Donja: I read Tarell Alvin McCraney's Marcus; or The Secret of Sweet, and there was a passage where Shanta, one of the characters, was probing Marcus, the main character, trying to figure out his sexuality. One of the things she says is that she remembers hearing what slave masters would do to the enslaved males when he found out they were intimate. It blew my mind because I never imagined me or anyone like me existing at that time. You always think that Marsha P. Johnson and Stonewall is the first time we came to be, not really thinking about how vast and rich queer history is.
In January 2016, I started to write Sugar. Around May or June, my husband and I were walking to the grocery store and talking about it, and I said, "I think this play is part of a trilogy that explores queer love at pivotal moments in black history." He stopped in his tracks. We started to talk, and I started getting more and more invested in this idea of exploring queerness during moments where I never imagined queer narratives existing.
Saheem: Sugar felt so revolutionary and so matter-of-fact at the exact same moment. Revolutionary because I'd never seen or heard anything like it. I couldn't contemplate why I had never heard of those narratives, but as we got deeper into Sugar, we realized that it's just really hard to find those stories.
One of the things I love about the trilogy is how the plays connect thematically, but they all stand alone in their own right.

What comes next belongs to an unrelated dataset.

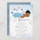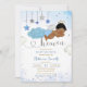 Convite para Chá de fraldas de Anjo Bebê Africano Azul e Dourado

In some of them, there are references to other characters being ancestors, but they don't intertwine in a way that you have to see all of them to understand.
How much work did you do with Manhattan Theatre Club to make sure the audience was as diverse in race and age as it possibly could be?
Donja: Whenever I write, I know the characters I'm writing about and the people I'm writing for, so I wanted to make sure, particularly for a play like Sugar, that individuals who would truly see themselves reflected in the work would be there to see it. We sent a very honest email of "This is why I wrote the play, this is who I would like to come see the play, and this is who the play is for, on top of everyone else." MTC has been extremely open arms, really helping out, working on black theater nights and pride nights. I've been super-duper grateful.
Saheem: It's expanded the sense of who's welcome in the theater and who's invited there. Historically, this is a unique moment for MTC, and they've really embraced the story and Donja. They wanted to serve the play and playwright as best they could. They brought people on board just to make sure they were reaching out to the right communities. It's been glorious being in that space with all kinds of people, and feeling what the effect is every night.
Donja: And feeling as if this moment has been ordained. Previews and opening happening during Pride. Opening night literally happening on Juneteenth, when slaves in Texas found out they were free. It was like…This is actually meant to be. It's beautiful.